The mock-ups I found here [mozilla.org] look good, but they are a long way from actually being implemented.
Re:web-app-web (Score:5, Interesting)
Local storage is pretty cool, and the CSS animation and stuff doubly so. There's still the problem of having a good way to back up local storage.... *sigh*
That said, it's still not even slightly close to what you can do in a native app. Even if performance was identical, the DOM is beyond half assed as a GUI environment. There's not even a drag and drop mechanism built in that works across all browsers. There's no way to guarantee that your handlers won't get stripped out by some overzealous UI library that you load. Basic functionality like contentEditable (for WYSIWYG editing) is barely supported in any browser, replete with hundreds of serious bugs that make it very hard to deal with. There's no way to set up an automatically recurring callback with a guaranteed period. There's no way to spawn multiple threads of concurrent execution (except for a FireFox-specific mechanism). There's no standard way to talk to hardware. And those are just the huge problems.

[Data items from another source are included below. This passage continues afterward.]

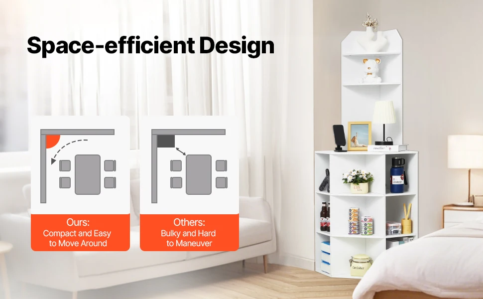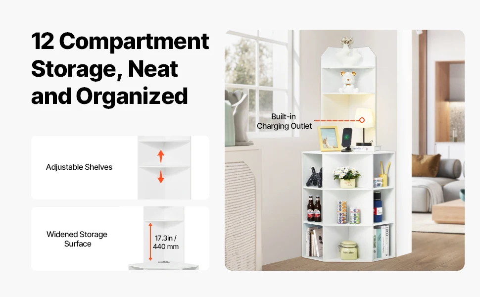 12-Compartment Organized Storage: Offering corner cabinet storage with 12 compartments, this piece keeps your headphones, books, decorative items, and more neatly organized. With adjustable shelves (0-55mm), you can easily customize the space to store dishes, bags, photo albums, and other essentials.
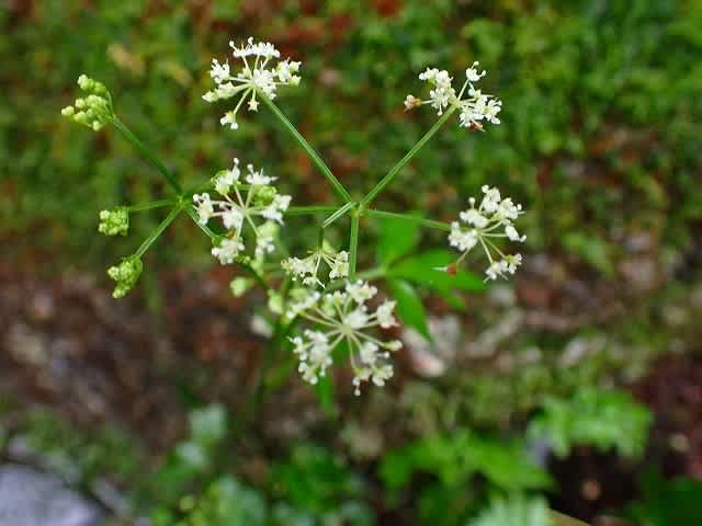 護柵のネットの奥に花を咲かせているのでアップの写真が撮りづらい。ハナウドの花に
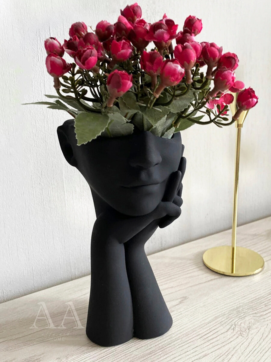 Купить Ваза для сухоцветов декоративная для декора интерьера Девушка с руками из гипса черная

Even simple things like specifying which UI elements should grow proportional to the window size is an utter pain. Creating clickable buttons that don't get their text content selected can be rather entertaining. Convincing the browser to not deselect the selected text in a contentEditable region when you do so is doubly so. Then, you have that fun box model that only a committee could love (all of us are dumber than any of us). Don't get me started on trying to do column layouts with CSS. I could go into specifics, but if you've ever tried to build any significant web application, you're already nodding in agreement.... :-)
Yeah, it's going in the right direction. It's got a long way to go, unfortunately. Right now, it takes mounds of custom GUI libraries just to get usable UI, mainly working around the fact that the web browser just wasn't designed to do this stuff. When I can write a web app that's lightweight and doesn't require bringing in something as heavyweight as Prototype just to get anything done, we'll be at least in the right ballpark./p>
Trusting the client (Score:3, Interesting)
[Cross-Origin Resource Sharing] actually is [secure], for non-public resources (ones requiring a login).
The right solution in this case would be a 401 Unauthorized result, not a client-side-enforced limitation. Are you envisioning a situation in which the data is available to humans for free and to proxies for free but to client-side scripts for pay?
Mozilla promises, Opera delivers and gets ignored (Score:3, Interesting)
Currently, Opera 10 is available on every handset which is open to 3rd party. Read it as iPhone excluded.
J2ME (via Opera Mini), Symbian (which has 40% share and not even mentioned by Mozilla), Windows Mobile and Android supported. It is basically the same engine as Desktop one, bit by bit thanks to their ultra portable web renderer. Even "dead" (chap 11.) UIQ3 is supported somehow with a native client.
They are packing "Widgets" which are based on W3C standards for desktop right now, Opera 10.20 alpha does run same widget across 3 desktop platforms. Linux, OS X and Windows. It doesn't need to crack into their build system to predict they will go mobile with that idea.
What bothers me is, PC Pro, a UK based site doesn't even ask why on earth Symbian is not even mentioned or supported since Symbian is actually a british thing to begin with. Nor they fail to bother checking Opera which supports some handsets/operating systems which are abandoned by vendor themselves.
For web designers, widget developers, there is nothing to bother. They as a small company always supported standards, somehow failed to get market share because of it. So, there is no "Opera specific" quirk. It is all W3C.